§ **What you are asked to do**:
Write each line out exactly, from the one containing "フォントは「明朝体・ゴシック" through the final line of the data, and keep pictures out of the copy.

§ **Data block**:
+ + + + +
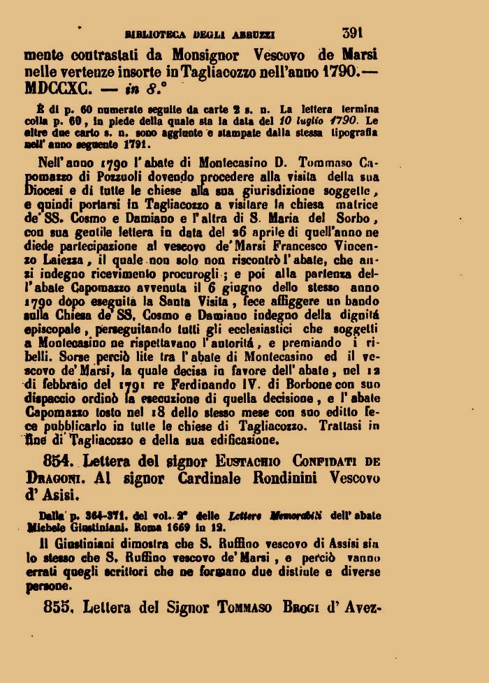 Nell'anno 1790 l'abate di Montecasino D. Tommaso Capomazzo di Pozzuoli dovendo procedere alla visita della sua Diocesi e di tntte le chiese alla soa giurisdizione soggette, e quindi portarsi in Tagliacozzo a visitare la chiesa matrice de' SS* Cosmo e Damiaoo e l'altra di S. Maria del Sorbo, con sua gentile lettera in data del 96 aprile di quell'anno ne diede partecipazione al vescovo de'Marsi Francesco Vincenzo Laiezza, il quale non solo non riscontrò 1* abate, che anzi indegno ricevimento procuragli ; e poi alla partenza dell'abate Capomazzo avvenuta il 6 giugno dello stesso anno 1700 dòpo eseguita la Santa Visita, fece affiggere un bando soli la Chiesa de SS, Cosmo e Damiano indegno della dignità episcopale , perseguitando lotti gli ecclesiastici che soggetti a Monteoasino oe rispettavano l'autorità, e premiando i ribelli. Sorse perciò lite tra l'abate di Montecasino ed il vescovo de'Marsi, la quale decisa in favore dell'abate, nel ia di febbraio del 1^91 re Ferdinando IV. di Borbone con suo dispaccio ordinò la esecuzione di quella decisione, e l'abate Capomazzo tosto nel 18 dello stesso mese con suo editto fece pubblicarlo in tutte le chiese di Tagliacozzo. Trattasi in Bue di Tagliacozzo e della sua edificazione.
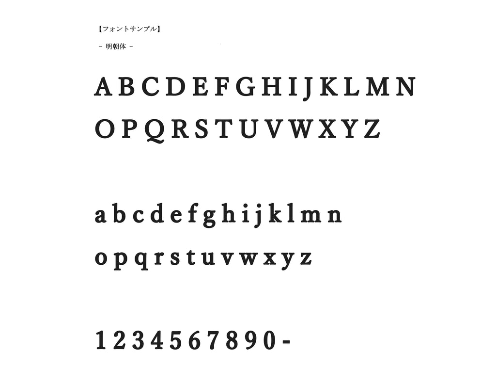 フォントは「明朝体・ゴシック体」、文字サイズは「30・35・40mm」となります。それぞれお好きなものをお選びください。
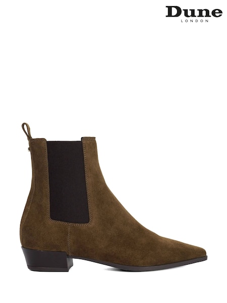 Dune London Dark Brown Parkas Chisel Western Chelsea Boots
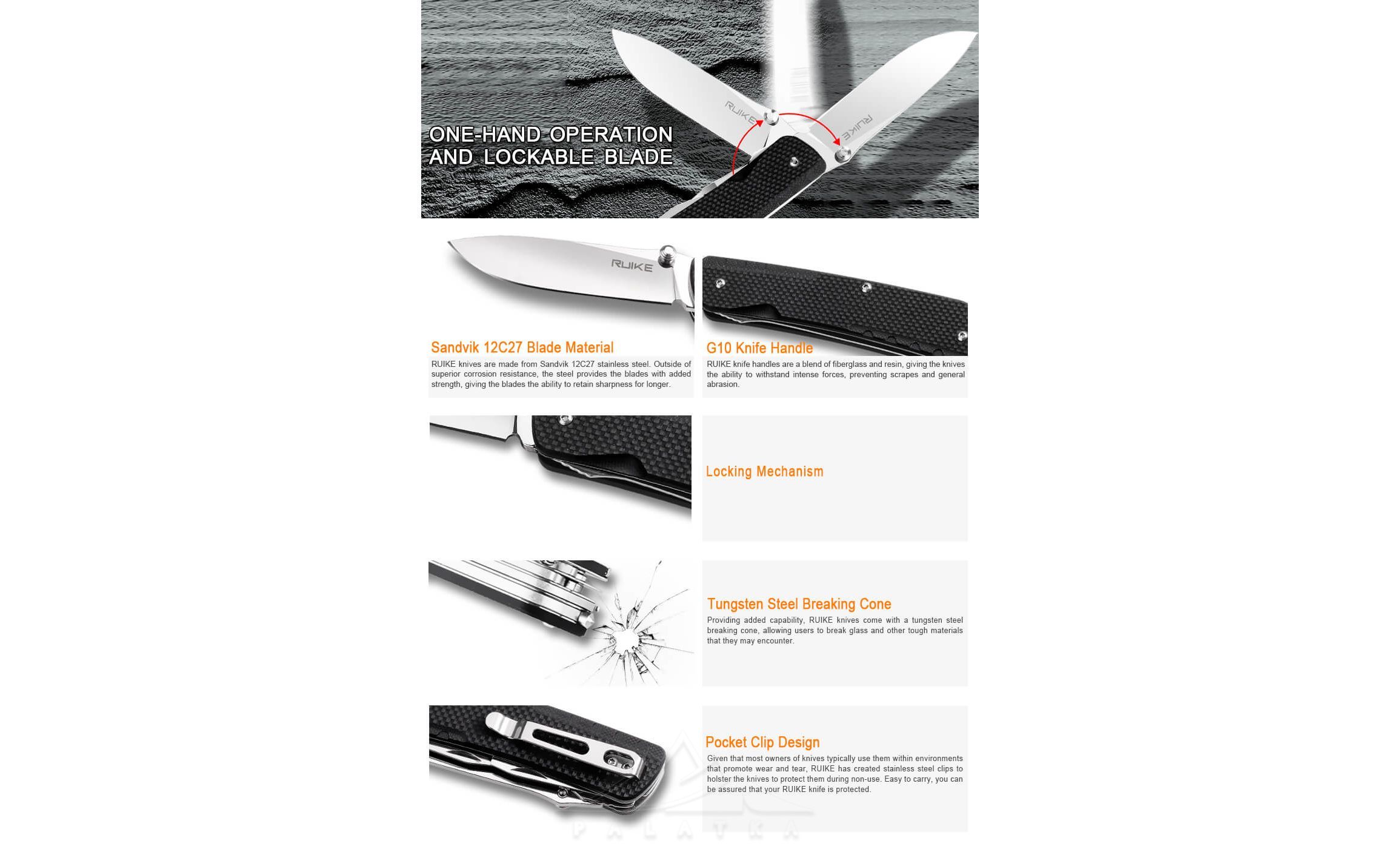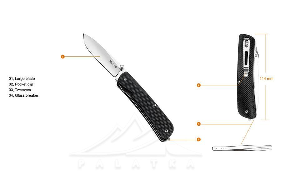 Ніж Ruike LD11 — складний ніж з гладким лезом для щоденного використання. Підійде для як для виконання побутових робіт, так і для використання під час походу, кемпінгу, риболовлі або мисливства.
+ + + + +
§ **Your solution**:
 フォントは「明朝体・ゴシック体」、文字サイズは「30・35・40mm」となります。それぞれお好きなものをお選びください。
 Dune London Dark Brown Parkas Chisel Western Chelsea Boots
 Ніж Ruike LD11 — складний ніж з гладким лезом для щоденного використання. Підійде для як для виконання побутових робіт, так і для використання під час походу, кемпінгу, риболовлі або мисливства.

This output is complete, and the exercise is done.